## WORK TASK
If a picture appears in the records, skip it; copy everything else exactly.
Start of Block
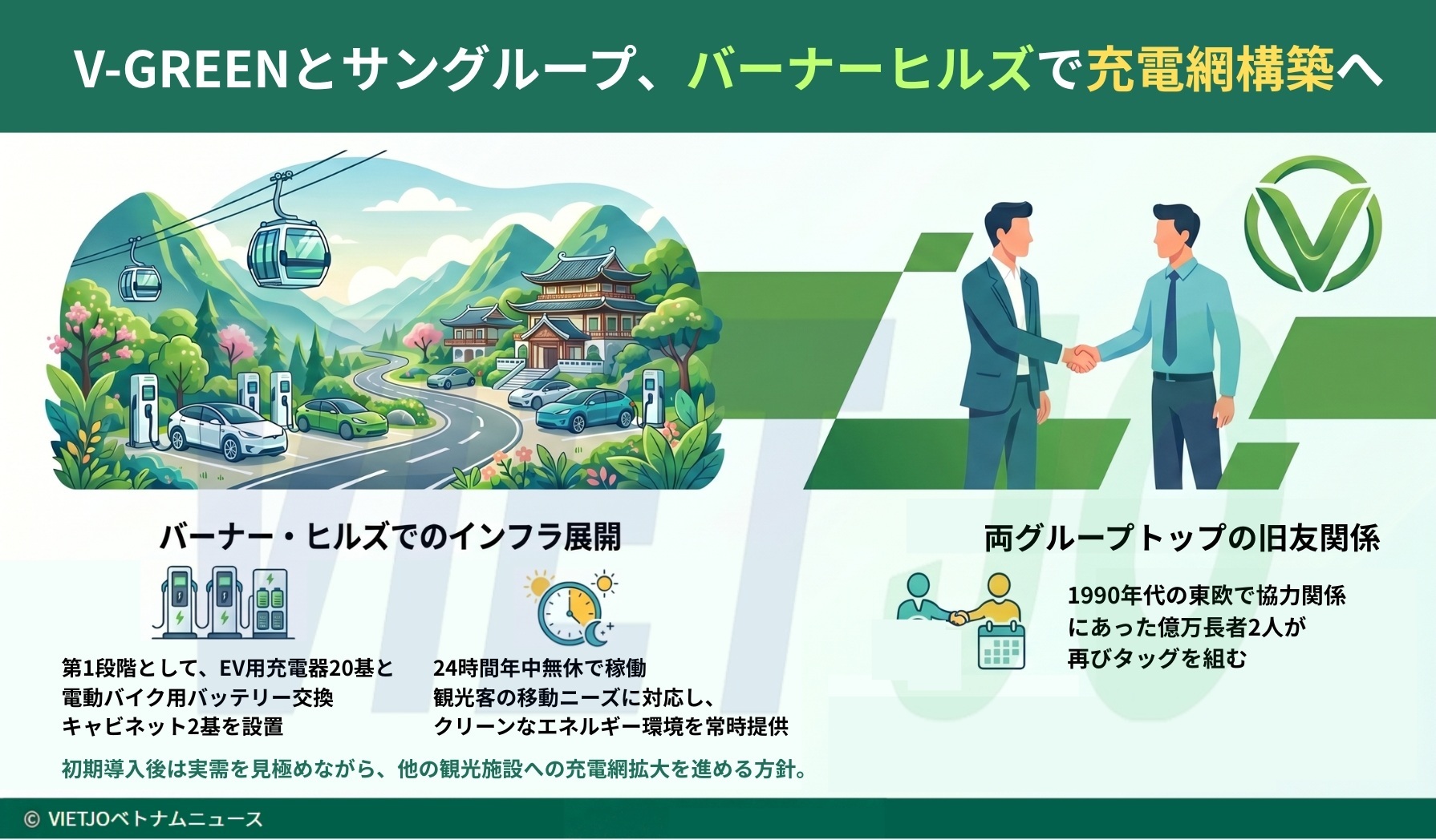 V-GREENは2024年3月にVIC会長のファム・ニャット・ブオン氏によって設立された。一方のバーナー・ケーブルカー・サービスは、サングループのレ・ベト・ラム会長を創立株主として2007年に設立された企業だ。
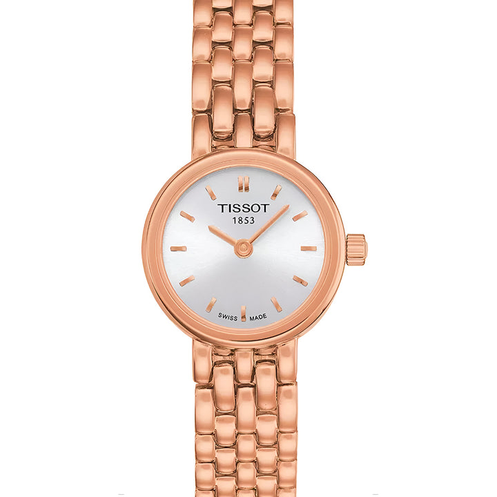Expertly crafted for the modern woman, the Tissot T Lady Lovely watch boasts a stunning silver dial and rose gold steel strap. With its elegant design and precise timekeeping, this timepiece is both stylish and functional. Elevate your look with this luxurious accessory.
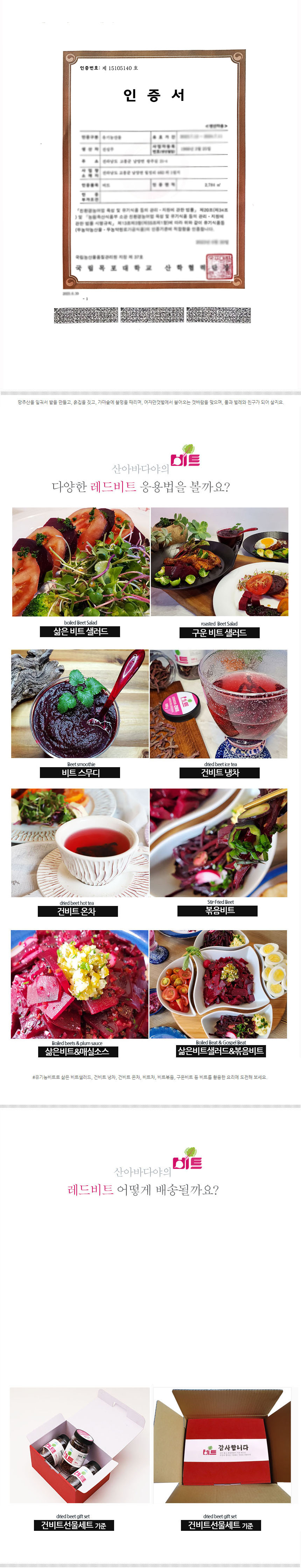 | 품목 또는 명칭 | 국내산 유기농 건비트 선물세트 혈관청소 100g x 3 |
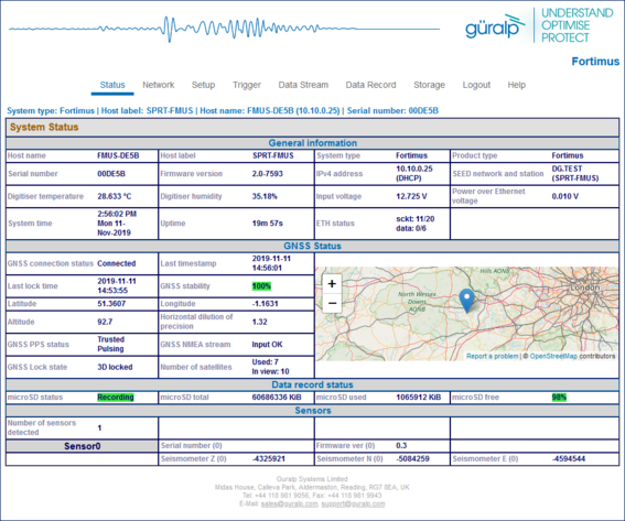 The Fortimus contains on-board firmware that presents monitoring and configuration interfaces. These are accessible through Güralp’s Discovery software (see Section 3.3) or, with the built-in web server, via Discovery's browser interface or any standards-conformant web browser.
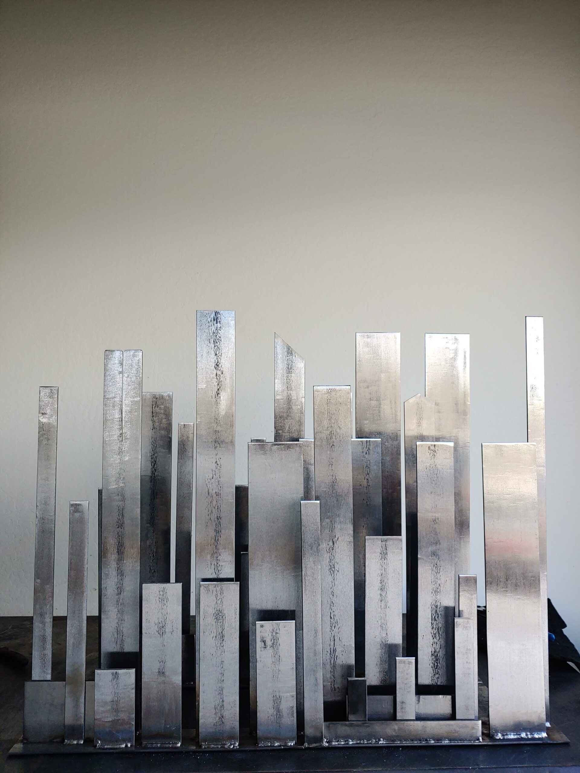 Vertical stainless steel flat bar bent to waves and polished reflective to a mirror finish to help with a fireplace that had very low gas pressure with minimal flame output. The reflecting helped in giving the illusion of having more flames.
End of Block
## COMPLETED TASK
 V-GREENは2024年3月にVIC会長のファム・ニャット・ブオン氏によって設立された。一方のバーナー・ケーブルカー・サービスは、サングループのレ・ベト・ラム会長を創立株主として2007年に設立された企業だ。
Expertly crafted for the modern woman, the Tissot T Lady Lovely watch boasts a stunning silver dial and rose gold steel strap. With its elegant design and precise timekeeping, this timepiece is both stylish and functional. Elevate your look with this luxurious accessory.
 | 품목 또는 명칭 | 국내산 유기농 건비트 선물세트 혈관청소 100g x 3 |
 The Fortimus contains on-board firmware that presents monitoring and configuration interfaces. These are accessible through Güralp’s Discovery software (see Section 3.3) or, with the built-in web server, via Discovery's browser interface or any standards-conformant web browser.
 Vertical stainless steel flat bar bent to waves and polished reflective to a mirror finish to help with a fireplace that had very low gas pressure with minimal flame output. The reflecting helped in giving the illusion of having more flames.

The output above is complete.